Record payday followed clashes with top shareholder
MILAN (Reuters) — Departing Telecom Italia (TIM) chief executive Flavio Cattaneo has defended what is likely to be a multi-million euro severance package, saying he delivered on many of his goals ahead of time, according to La Repubblica newspaper.
TIM's board is set to discuss on Monday Cattaneo's departure after just 16 months in the job following clashes with top shareholder Vivendi.
Under a "special award" clause in his contract, Cattaneo could claim up to 40 million euros ($47 million) if his term is terminated early or his powers reduced.
One source close to the situation said he would get 32 million euros, the biggest severance pay ever awarded to an executive in Italy after just over one year in office.
"My contract was linked to (meeting the targets) and now simply needs to be respected. The severance package I will get is not a scandal," Cattaneo was quoted as saying in La Repubblica by a person close to him.
Sources familiar with the matter said on Friday Vivendi executive Amos Genish, a former head at Telefonica's Brazil unit, was set to be appointed as TIM's managing director, effectively taking over from Cattaneo.

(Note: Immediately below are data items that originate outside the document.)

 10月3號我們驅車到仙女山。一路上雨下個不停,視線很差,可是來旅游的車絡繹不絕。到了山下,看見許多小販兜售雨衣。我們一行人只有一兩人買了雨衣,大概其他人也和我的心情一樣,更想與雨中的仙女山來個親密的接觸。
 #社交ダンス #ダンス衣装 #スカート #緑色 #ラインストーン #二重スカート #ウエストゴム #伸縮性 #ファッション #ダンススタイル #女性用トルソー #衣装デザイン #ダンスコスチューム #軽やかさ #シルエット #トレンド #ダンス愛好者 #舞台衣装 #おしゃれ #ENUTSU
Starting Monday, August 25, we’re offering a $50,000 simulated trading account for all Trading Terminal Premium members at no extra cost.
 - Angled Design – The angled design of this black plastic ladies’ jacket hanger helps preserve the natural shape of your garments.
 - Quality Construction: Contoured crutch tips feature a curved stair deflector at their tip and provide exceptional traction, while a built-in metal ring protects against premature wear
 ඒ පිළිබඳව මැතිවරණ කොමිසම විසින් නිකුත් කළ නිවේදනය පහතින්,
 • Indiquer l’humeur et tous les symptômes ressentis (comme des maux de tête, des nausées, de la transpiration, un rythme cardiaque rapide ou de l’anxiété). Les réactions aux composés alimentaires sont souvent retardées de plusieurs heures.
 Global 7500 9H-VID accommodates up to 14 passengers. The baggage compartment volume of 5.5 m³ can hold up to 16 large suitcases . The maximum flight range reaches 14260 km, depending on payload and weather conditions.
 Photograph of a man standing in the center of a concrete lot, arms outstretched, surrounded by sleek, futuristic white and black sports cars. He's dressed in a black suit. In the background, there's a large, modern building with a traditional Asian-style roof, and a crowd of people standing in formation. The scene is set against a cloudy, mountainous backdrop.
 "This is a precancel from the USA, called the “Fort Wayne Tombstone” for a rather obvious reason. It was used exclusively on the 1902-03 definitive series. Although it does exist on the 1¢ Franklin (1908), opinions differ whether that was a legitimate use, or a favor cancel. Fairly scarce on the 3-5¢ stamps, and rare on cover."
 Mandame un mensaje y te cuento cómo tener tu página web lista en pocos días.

La Repubblica said Cattaneo fell out with Vivendi, which has a 24-per cent stake in TIM and has been tightening its grip on the company, because of its plan to appoint Genish at his side.

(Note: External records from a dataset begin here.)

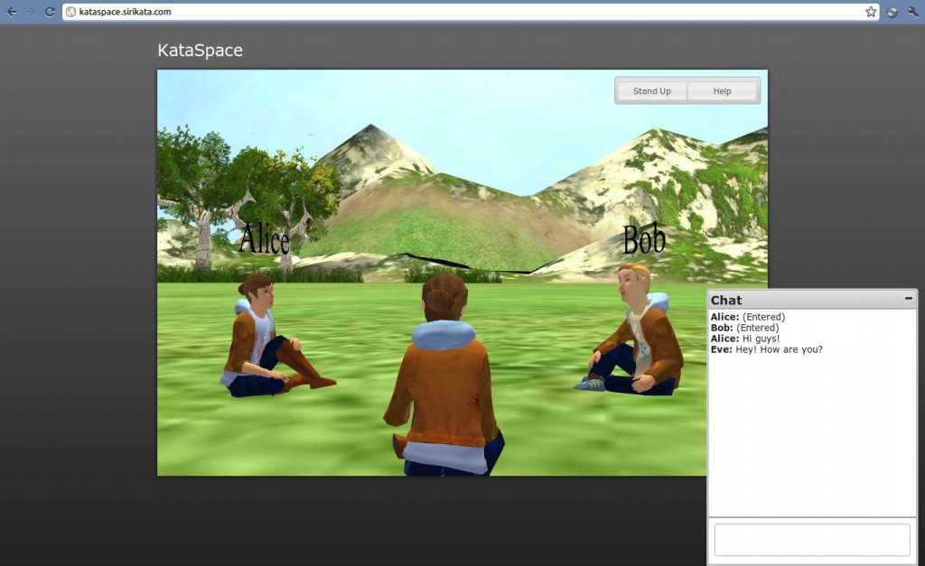 We are very excited to announce the release of KataSpace; a WebGL/HTML5 frontend to Sirikata based a multiuser 3D environment. This application allows you to build things like a MMO or Second Life style virtual world and deploy it on any web page where it can can be visited by anyone running a modern web browser (including the one on your smartphone or iPad).
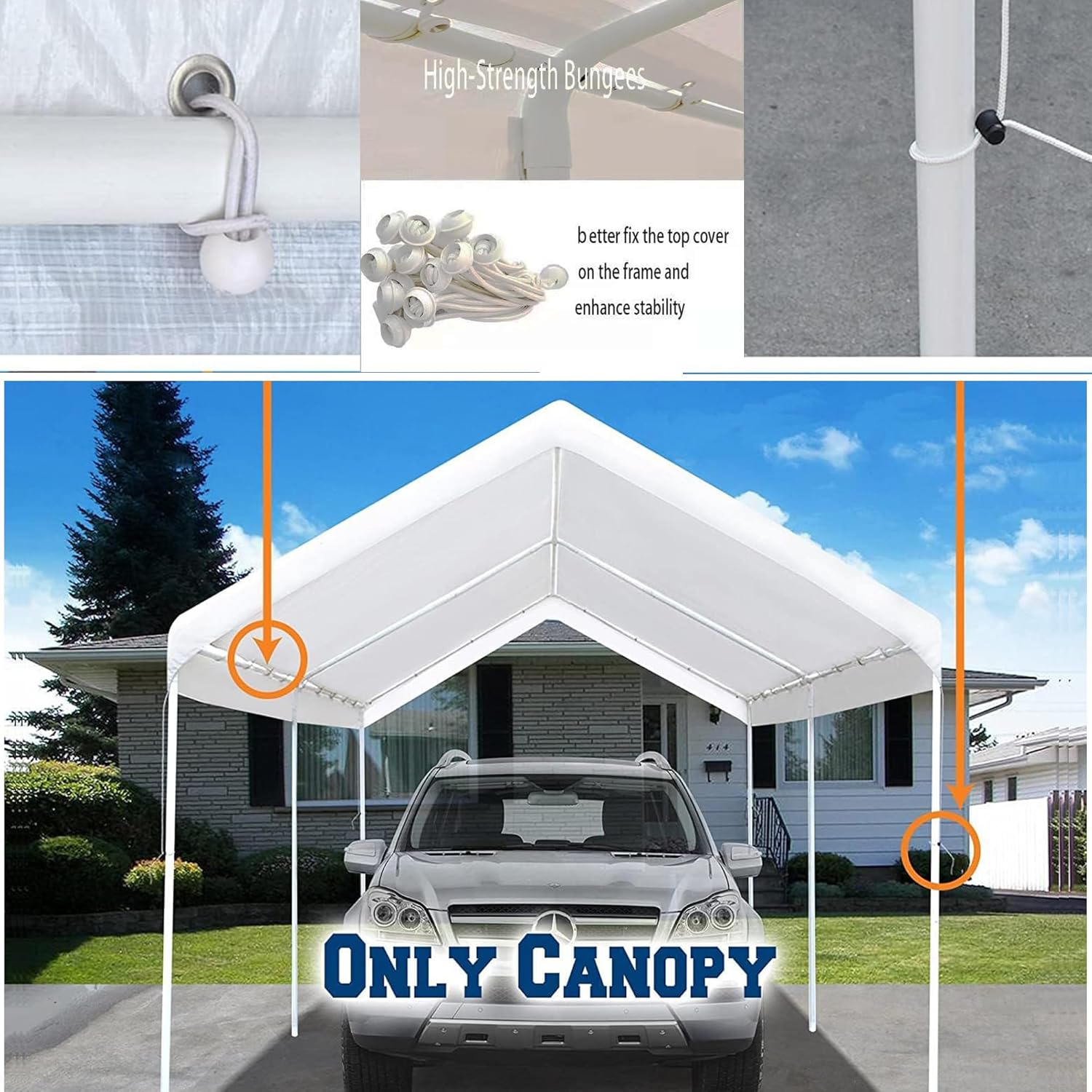 - [Easy to Install] Installation setup is super quick and easy. 40 Bungee cords are inlcuded to tightly secure the canopy to the frame. This will enhance the stability of the carport. Meanwhile The Carport Replacement Canopy Has grommet holes for tie down. UV resistant carport canopy
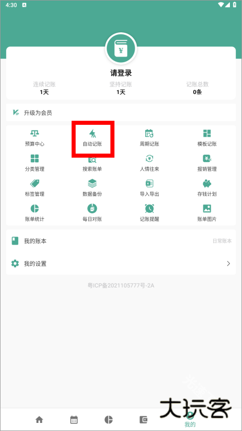启动应用程序打开记账页面,设置报销,并支持手动记账、自动记账等记账方式。
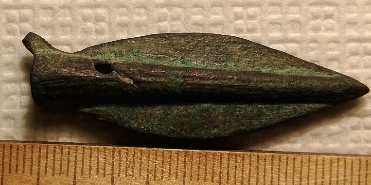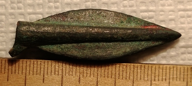 До славян у нас там были юхновцы, а потом пришли вятичи. Но юхновцы то были вроде бы как очень смирные. А по этому наконечнику не скажешь, что он был сделан очень мирным народом. А до юхновцев вроде бы как жили иранцы (ряд топонимов имеют курдские названия).
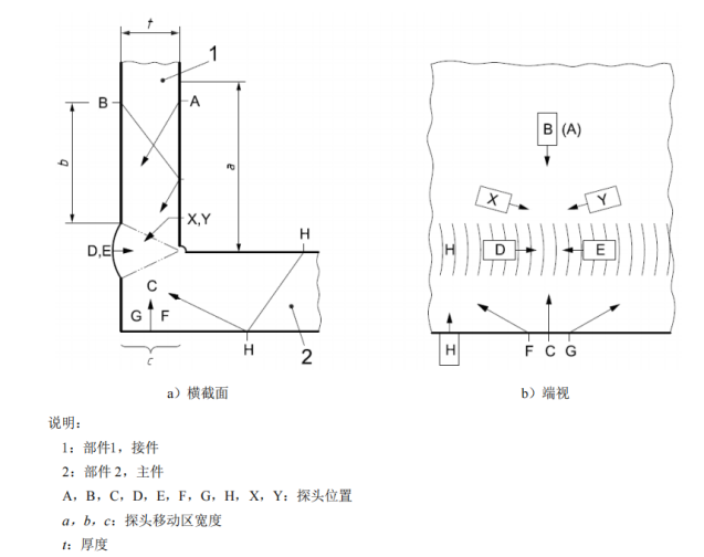 掃查面應足夠寬,以確保聲束覆蓋整個檢測區域(見圖2)。或者,如果能實現焊接接頭雙面掃查以確保聲束覆蓋整個檢測區域,可縮短掃查面寬度。掃查面表面應平滑,無焊接飛濺、鐵屑、油垢及其他外部雜質。掃查面表面的不平整度,不應引起探頭和檢測表面的間隙大于0.5mm。如果間隙超標,應修整掃查面表面。當遇到表面局部變化,如沿著焊趾掃查,導致探頭與表面的間隙大于1mm時,僅當在受影響部位增加至少一個其他角度的探頭進行補充掃查時才能被允許。該補充掃查應解決因間隙超標引起聲束未覆蓋整個檢測區域的問題。掃查面和聲束反射面應允許無于擾的耦合劑和反射物。

Several sources have also said Vivendi grew unhappy after Cattaneo became embroiled in a row with Italy's government over the rollout of ultrafast broadband.
Shares in TIM rose more than three per cent on Monday, as analysts bet management change could help improve TIM's relationship with Rome. They also expect the cost-cutting drive set in motion by Cattaneo to continue. TIM is expected to report another strong set of results later this week.

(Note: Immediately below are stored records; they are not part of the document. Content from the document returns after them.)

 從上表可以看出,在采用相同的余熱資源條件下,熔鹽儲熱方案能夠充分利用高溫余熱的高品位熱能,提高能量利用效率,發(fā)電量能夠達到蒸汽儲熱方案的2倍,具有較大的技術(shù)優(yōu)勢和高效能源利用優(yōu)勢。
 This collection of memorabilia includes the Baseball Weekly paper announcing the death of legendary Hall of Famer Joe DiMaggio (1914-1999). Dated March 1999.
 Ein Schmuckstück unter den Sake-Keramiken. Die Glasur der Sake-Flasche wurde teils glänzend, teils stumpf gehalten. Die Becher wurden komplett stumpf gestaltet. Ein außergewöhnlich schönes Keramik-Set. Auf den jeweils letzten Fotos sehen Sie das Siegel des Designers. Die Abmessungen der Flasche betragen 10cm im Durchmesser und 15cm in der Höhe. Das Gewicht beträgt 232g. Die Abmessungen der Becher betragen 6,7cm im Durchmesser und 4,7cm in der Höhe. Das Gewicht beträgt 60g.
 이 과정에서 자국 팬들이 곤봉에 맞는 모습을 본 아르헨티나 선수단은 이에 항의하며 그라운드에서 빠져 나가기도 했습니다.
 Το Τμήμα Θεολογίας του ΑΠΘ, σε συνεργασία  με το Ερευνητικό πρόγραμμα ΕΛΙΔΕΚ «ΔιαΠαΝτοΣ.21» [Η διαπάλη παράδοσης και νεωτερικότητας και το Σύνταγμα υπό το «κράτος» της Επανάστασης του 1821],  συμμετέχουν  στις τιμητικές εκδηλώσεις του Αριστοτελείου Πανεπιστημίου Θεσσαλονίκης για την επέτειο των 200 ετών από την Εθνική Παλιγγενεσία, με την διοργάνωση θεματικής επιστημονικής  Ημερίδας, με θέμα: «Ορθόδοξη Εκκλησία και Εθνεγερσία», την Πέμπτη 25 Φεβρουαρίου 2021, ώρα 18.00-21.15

"The strategic uncertainty could be balanced by a more positive relationship with the government and on speculation for potential corporate action," Banca Akros said in a note, citing the possibility of TIM spinning off its fixed line network.
TIM said on Sunday Cattaneo was leaving because the company had "reached important results ahead of plan, which allows it to start a new phase." It dismissed suggestions that the break-up was linked to clashes with Rome.